It's a pity an early post Diodes across relay coil doesn't include a simple pic like...
.. but without the RHS resistor and cap.
The diode as shown is the same as a quenching diode.
Maybe the next is better?

Posted By: awdeclipse
Date Posted: May 18, 2011 at 7:59 AM
The last relay socket I used, you can easily remove the pins from the socket. This should give you access to the bare pin which you can then solder directly to. It is not as "stable" as soldering directly to the relay legs but as a bonus you will have a permanent diode installed for that particular socket.
At least with this method you will have the advantage of the socket holding the pins fairly snug as opposed to attaching the diode to wires only.
Posted By: howie ll
Date Posted: May 18, 2011 at 9:20 AM
It's
------------- Amateurs assume, don't test and have problems; pros test first. I am not a free install service.

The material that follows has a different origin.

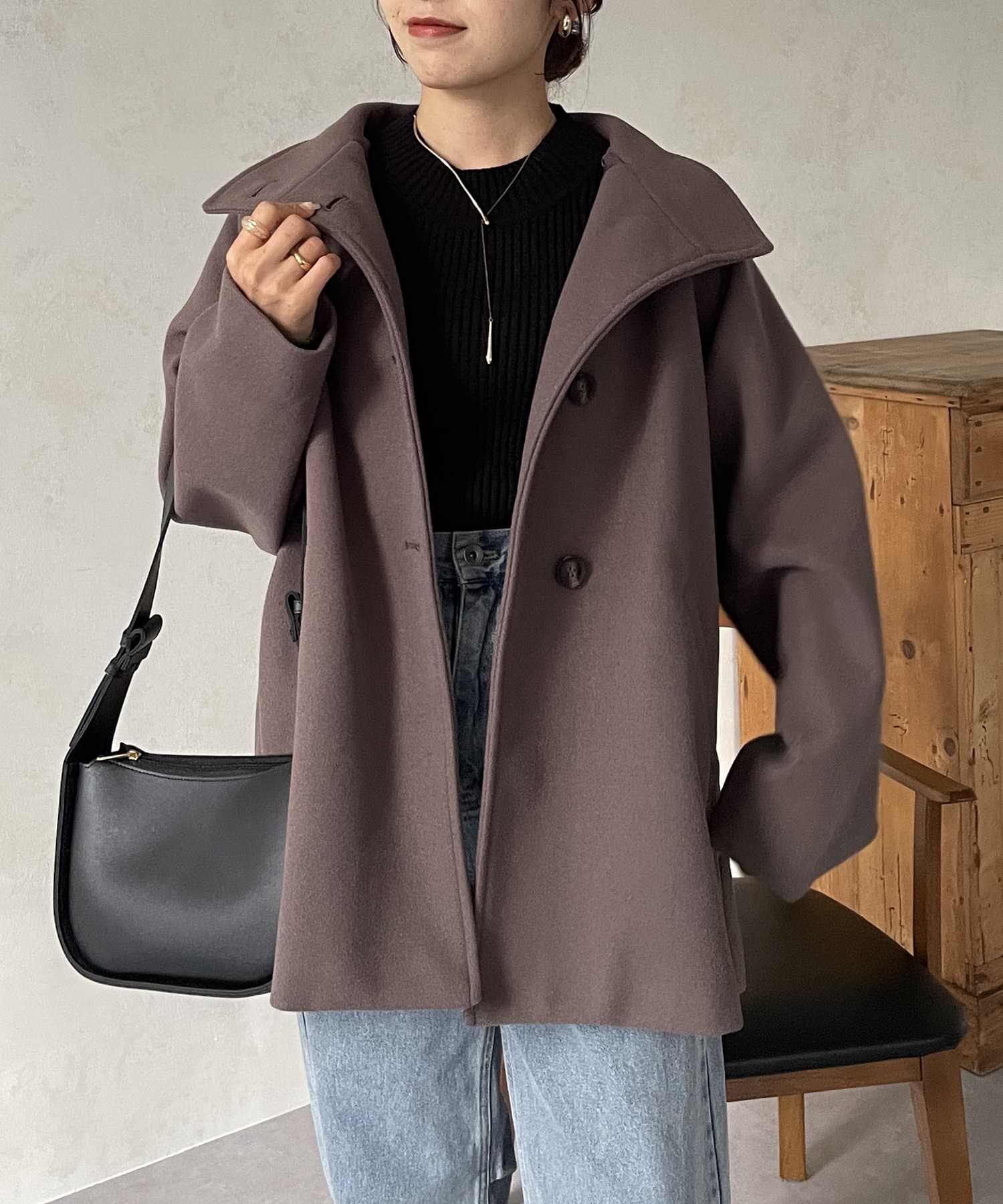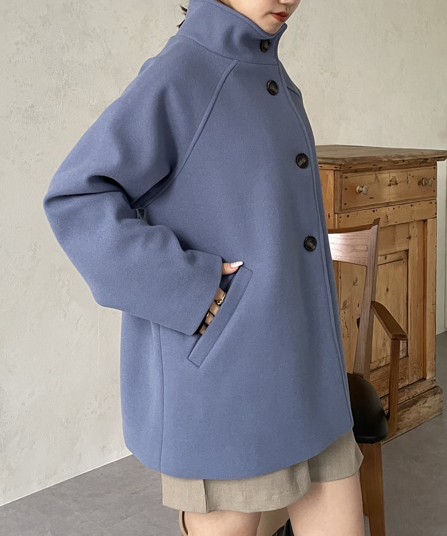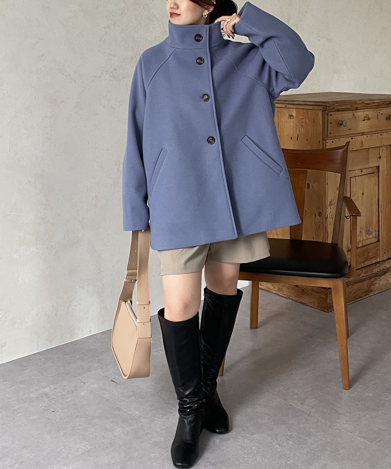 オンオフ問わず使えるスタンドネックコート

Read the installation manual, do a search here or online for your vehicle wiring before posting.
Posted By: howie ll
Date Posted: May 18, 2011 at 9:25 AM
Sorry too fast for my own good.
Two points:
a) It's
EASY to solder the diode to the relay pins right at the base and then add the socket.
b) Those receptacles are easy to remove using the straight tool from a Snap-On or similar pick set or a thin bladed electrical screwdriver, just inset to the tab, push home the tab and out it comes.

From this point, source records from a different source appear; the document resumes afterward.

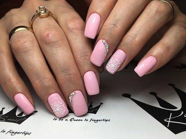 Розовый маникюр. Розовый цвет так же завоевал популярность у многих девушек. Огромная палитра тонов поможет сделать ногти от нежного минимализма до яркого праздничного маникюра.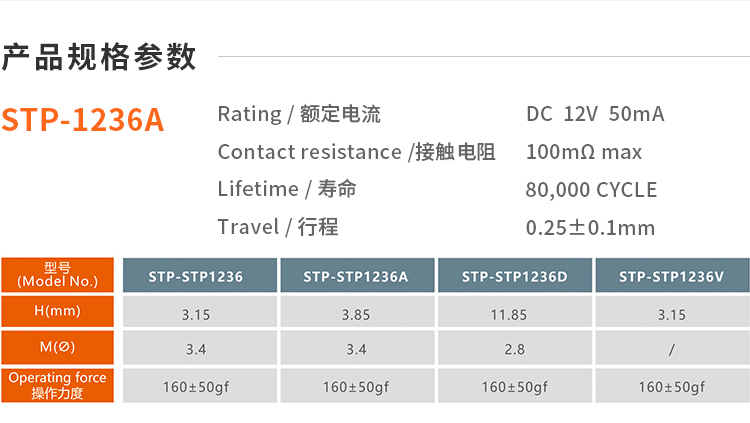 3. Operating Force : 160±50gf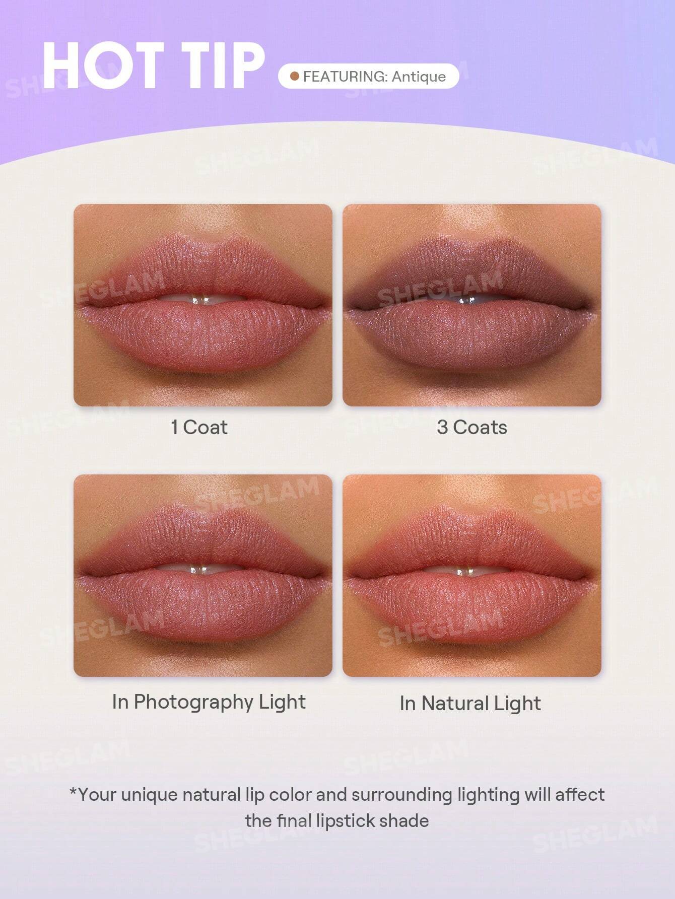 السر في SHEGLAM Glitter Whip Liquid Lipstick هو “التفعيل بالضغط”. بمجرد ما بتوزعي الطبقة وتسيبيها تنشف ثواني، وتضغطي شفايفك، جزيئات الجليتر الميكروسكوبية بتتحرر وبتعمل انعكاس للضوء ملوش حل. shiglam lipstick glitter whip بيعتمد على جزيئات ناعمة جداً مش بتحسي بخشونتها خالص، وده اللي بيخليه مريح في اللبس لساعات طويلة.

In fact I still have loads of those receptacles and a non -insulated crimping tool.
------------- Amateurs assume, don't test and have problems; pros test first. I am not a free install service.

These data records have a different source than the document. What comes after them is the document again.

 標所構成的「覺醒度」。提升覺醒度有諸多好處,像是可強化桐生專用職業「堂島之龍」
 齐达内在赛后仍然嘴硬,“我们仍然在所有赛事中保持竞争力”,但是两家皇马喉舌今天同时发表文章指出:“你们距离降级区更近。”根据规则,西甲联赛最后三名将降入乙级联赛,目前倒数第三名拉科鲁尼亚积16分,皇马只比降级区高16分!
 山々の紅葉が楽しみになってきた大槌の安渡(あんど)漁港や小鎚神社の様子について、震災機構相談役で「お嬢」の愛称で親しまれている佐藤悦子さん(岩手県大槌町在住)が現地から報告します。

Read the installation manual, do a search here or online for your vehicle wiring before posting.
Posted By: Ween
Date Posted: May 18, 2011 at 4:46 PM
it's even easier to solder the diode in place if you lightly file the terminals on the outside edge with a small file. shape the diode leads like the lower portion of an 'H'...use pliers to give sharp 90 degree bends. place along outer edges then use bend the remaining tail back under each terminal. solder then trim with cutters.
you could always use a cable tie around the relay/socket combo to hold said assembly together.
mark
Posted By: i am an idiot
Date Posted: May 18, 2011 at 5:10 PM
The diode will not affect the relay socket. It will still go on easily.
Posted By: oldspark
Date Posted: May 18, 2011 at 5:11 PM
And here I am usually recommending to solder to the socket so that you can substitute relays for testing or replace faulty ones....
Then again, soldering direct to the relay is the ideal and - with spare relays with diodes - the quickest way to replace a faulty diode (if you somehow notice it....!).
But then - make sure you stick to the -ve #85 and +ve #86 convention!! (Diode in the socket or harness doesn't matter - that simply matches the wiring...)
And I don't see that the "insecure" connection between the diode/socket and relay is much of an issue - if the spike gets to the socket, then it will be quenched.
However, I can see the unreliability of sockets. (I stopped using sockets for integrated circuits etc years ago and soldered IC for automotive applications - even they would vibrate or oxidise bad.)
Comment: So many opinions - all valid. IE - diode direct on relay pins is short; on socket or harness is "universal", etc.
But I do like the DIY diode addition - I dislike relays with internal diodes (cost; what if they blow? etc).
Posted By: howie ll
Date Posted: May 18, 2011 at 5:13 PM
As I already said this you are absolutely right Mr.I, this thread is starting to get silly.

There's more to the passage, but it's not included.